Roma - Il futuro del Pdl, come da pronostico, tiene banco a lungo. Ed è il punto in agenda più atteso. Detto questo, però, c’è spazio anche per il rapporto tra governo e Parlamento, le riforme istituzionali da condividere con l’opposizione, la crisi economica che non accenna a mettere un freno, il divario tra Nord e Sud da colmare.
Il confronto diretto tra Silvio Berlusconi e Gianfranco Fini, tanto evocato nei giorni scorsi da più parti, è ad ampio spettro. Dura due ore e non si basa esclusivamente sul percorso da seguire in vista del partito unico. Certo, la «condivisione» su una road-map concreta, che veda al più presto la messa a punto dello statuto e delle regole interne, tanto per cominciare, non è fatto di poco conto. Soprattutto se mirata a stoppare sul nascere polemiche, incomprensioni e contrasti, rilanciati su tv e giornali negli ultimi giorni.
È la maniera giusta, il «patto», sancito a Montecitorio in un colloquio definito da ambo le parti «amichevole e molto utile», per evitare che l’unione d’intenti tra Forza Italia e Alleanza nazionale (a cui le formazioni minori che condividono il progetto chiedono rispetto) si trasformi in qualcosa di diverso. E che possa sfociare in rivendicazioni, ripicche continue tra alleati, a danno dell’obiettivo comune. Quanto al futuro politico del padrone di casa, «non se n’è parlato, riferiscono dal suo staff, «perché prima di tutto viene il futuro del partito».
E così, premier e presidente della Camera s’impegnano ad accelerare sui tempi, a trovare la «quadra» prima possibile, in modo da essere pronti il 27 marzo, data in cui il Congresso costituente dovrebbe dar vita ufficialmente al Pdl. Nel frattempo, però, Berlusconi e Fini si ripromettono di vedersi sempre più spesso, con cadenza regolare, per evitare che il silenzio porti ad ipotizzare nuove frizioni.

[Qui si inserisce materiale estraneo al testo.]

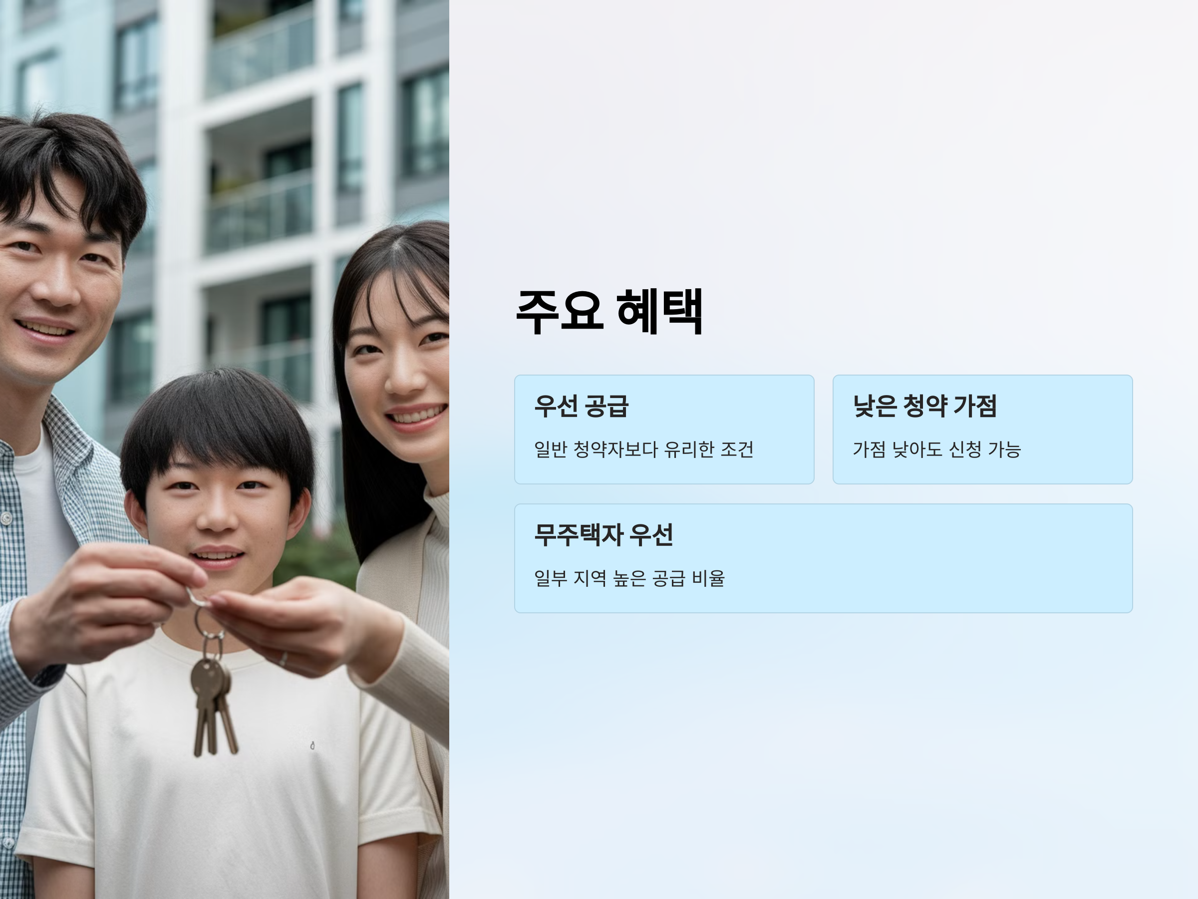 이 제도의 가장 큰 장점은 청약 점수나 자산 수준에 따라 제한 없이 신청할 수 있다는 점입니다. 다만, 자격 요건을 충족하는 사람만이 신청할 수 있으며, 자격을 충족했다고 하더라도 경쟁이 치열할 수 있으므로 충분한 정보와 전략이 필요합니다.

Pdl avanti tutta, dunque. Con i due leader che si trovano sulla stessa linea nel garantire il rispetto della democrazia interna. Dalla definizione degli organi dirigenti alla modalità di scelta dei candidati. L’auspicio comune, dunque, è che il Popolo della Libertà possa decollare senza turbolenze. Il banco di prova arriverà presto, visto che tutti i nodi andranno sciolti entro i prossimi due mesi, per realizzare quanto concordato nel faccia a faccia di ieri. In cui, però, si affrontano inizialmente altre tematiche.
Innanzitutto, la questione riforme, che non è sinonimo solo di giustizia. In tutti i casi, ribadisce la terza carica dello Stato, è auspicabile un confronto con l’opposizione. Un augurio ampiamente condiviso dal premier, rilanciato da entrambi durante la colazione di lavoro, a cui prende parte anche il sottosegretario alla presidenza del Consiglio, Gianni Letta. Fini, tra l’altro, rimarca al suo ospite la necessità di riavviare un percorso per rivedere, modificare la seconda parte della Costituzione, mentre, sul versante giustizia, ripropone i sei punti contenuti nella lettera inviata lo scorso week-end al Corriere della Sera. Tracce peraltro già presenti, fanno notare dalle parti di palazzo Grazioli, nel testo a cui lavora da tempo il Guardasigilli, Angelino Alfano.
Sempre in tema istituzionale, Fini ribadisce al presidente del Consiglio, tra una portata e l’altra, il ruolo centrale del Parlamento nel processo legislativo. Un modo per sottolineare l’invito, già espresso in passato, che il governo non abusi della decretazione d’urgenza. Un nodo che potrebbe sciogliersi quanto prima, magari, mettendo mano ai regolamenti parlamentari, questione su cui il confronto è aperto.
Non fa capolino la vicenda Rai, assicurano dalla presidenza della Camera.